• _PROBLEM STATEMENT_
From the line containing "A person in" through the last line of the entries, output the text exactly. Pictures stay out.

• _GIVEN RECORDS_
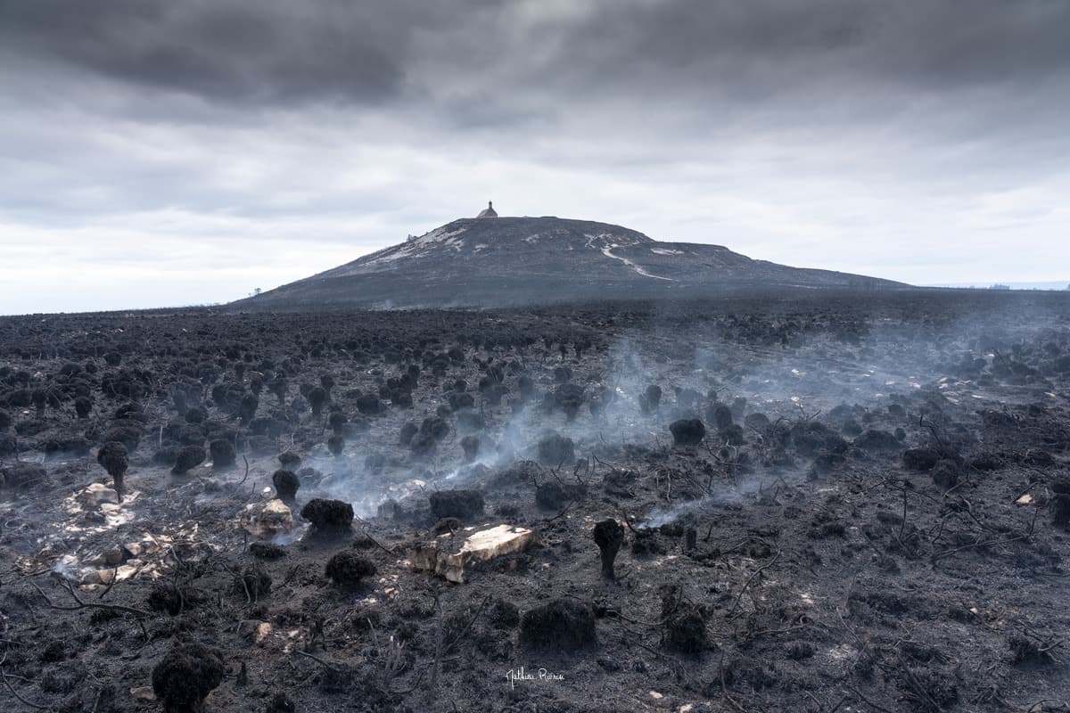 Avec une sécheresse généralisée, d'importants incendies touchent aussi les régions de la moitié nord. Le plus marquant se produit en Bretagne, dans le département du Finistère ! Le feu prend en après-midi du lundi 18 juillet 2022 dans les Monts d'Arrée sur la commune de Brasparts, alors que le département du Finistère venait d'enregistrer les premiers 40°C de son histoire ! Le brasier a été actif durant deux jours, détruisant un total de 1.725 hectares ! Il a laissé des paysages de désolation sur de vastes étendues, une scène rare dans cette région.
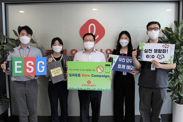 롯데유통사업본부(대표 김용기)가 전 직원의 ESG 인식제고 및 생활화를 위해 일회용품 Zero 캠페인을 시행한다.
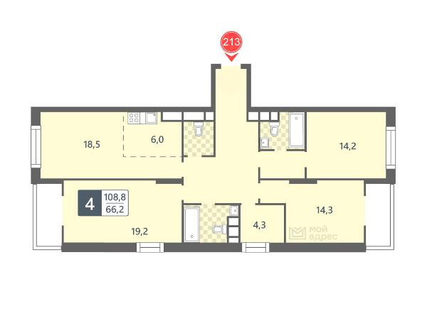 Общая площадь 108.8 м2
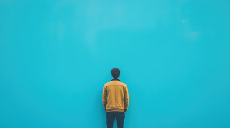 A person in a yellow jacket stands still facing a vibrant blue wall creating a striking contrast in an urban setting during daylight.
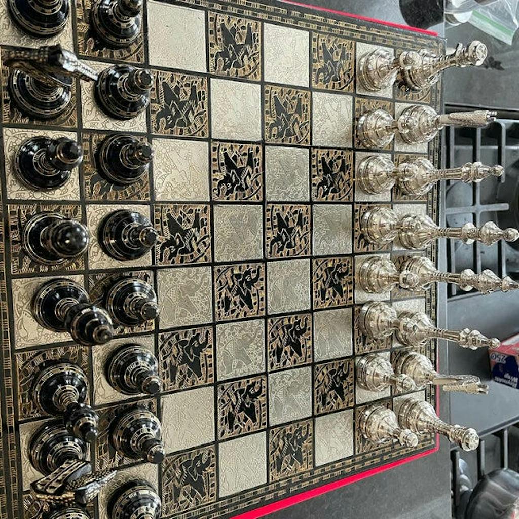 Soviet Inspired Brass Metal Luxury Chess Pieces & Board Set- 14" - Unique Art
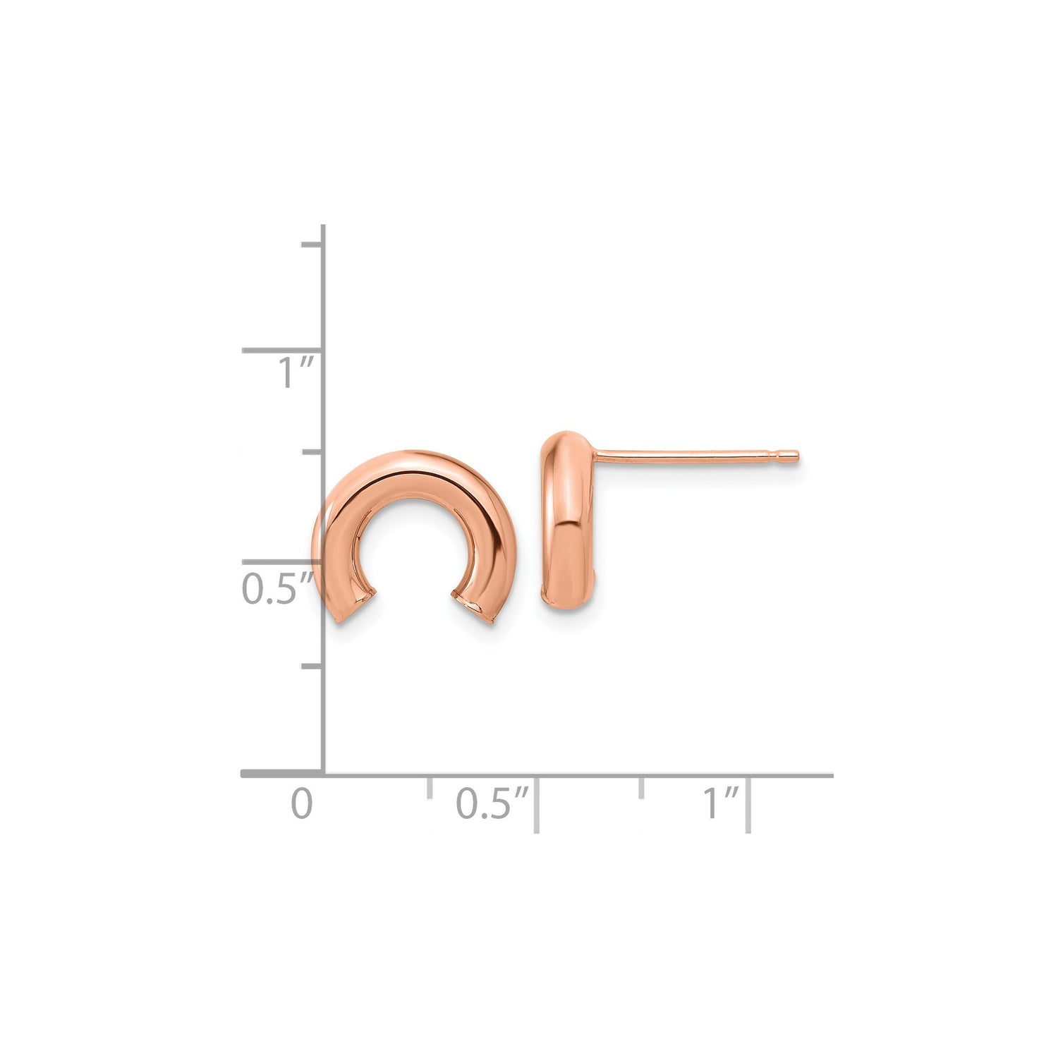 14k Rose Gold Stud Earrings, Open Crescent Hoop Design, Polished Minimalist Style

• _COMPLETED TASK_
 A person in a yellow jacket stands still facing a vibrant blue wall creating a striking contrast in an urban setting during daylight.
 Soviet Inspired Brass Metal Luxury Chess Pieces & Board Set- 14" - Unique Art
 14k Rose Gold Stud Earrings, Open Crescent Hoop Design, Polished Minimalist Style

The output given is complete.